Universally Unique Identifiers (UUIDs)
Globally Unique Identifiers (GUIDs)
Object Identifiers (OIDs)
Sybase or SQL Server identity column IDENTITY OR IDENTITY(n,n)
Oracle SEQUENCE, or GENERATED AS IDENTITY (starting from version 12.1)[3]
SQL Server SEQUENCE (starting from SQL Server 2012)[4]
PostgreSQL or IBM Informix serial
MySQL AUTO_INCREMENT
SQLite AUTOINCREMENT
AutoNumber data type in Microsoft Access
AS IDENTITY GENERATED BY DEFAULT in IBM DB2
Identity column (implemented in DDL) in Teradata
SURROGATE_KEY user-defined function (UDF) in Hive HDP 3.5
ZipWithUniqueId() using RDDs in Spark 1.6
ZipWithIndex() using RDDs in Spark 1.6

Why are Surrogate Keys Hard?

We're going back to the past...and getting a tad geeky (apologies in advance...not really).

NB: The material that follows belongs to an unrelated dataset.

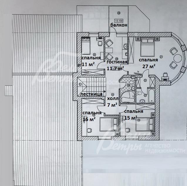 2-ой этаж: холл 7 кв.м, спальня 11 кв.м, спальня 27 кв.м, гардеробная 3 кв.м, санузел 4 кв.м, санузел 5 кв.м, спальня 15 кв.м, спальня 15 кв.м, лестница 7 кв.м, гостиная 12 кв.м, балкон 7 кв.м;

SKs are hard even for single node (traditional) data warehousing

In databases, using increment/identity/GUID/UUIDs (SK) allows you to generate a unique surrogate key for that database. If you sharded the databases (i.e. multiple databases with the same schema but would process a different shard of data), the SK would be unique for only that database. This could be mitigated by adding application code (or joins) that concatenated/joined the shard database identifier with the SK but this would have an undesirable performance impact.

Even if this approach worked, what if the same identifier showed up in two different shards; this would result in different SKs for the same identifier which would be undesireable business outcome. For example:

Initially, Samantha Carter's is based on Earth (Tau'ri) and part SG-1 team.

After 15 years successfully saving Milky Way galaxy, she is now leading the Atlantis team in the Pegasus galaxy.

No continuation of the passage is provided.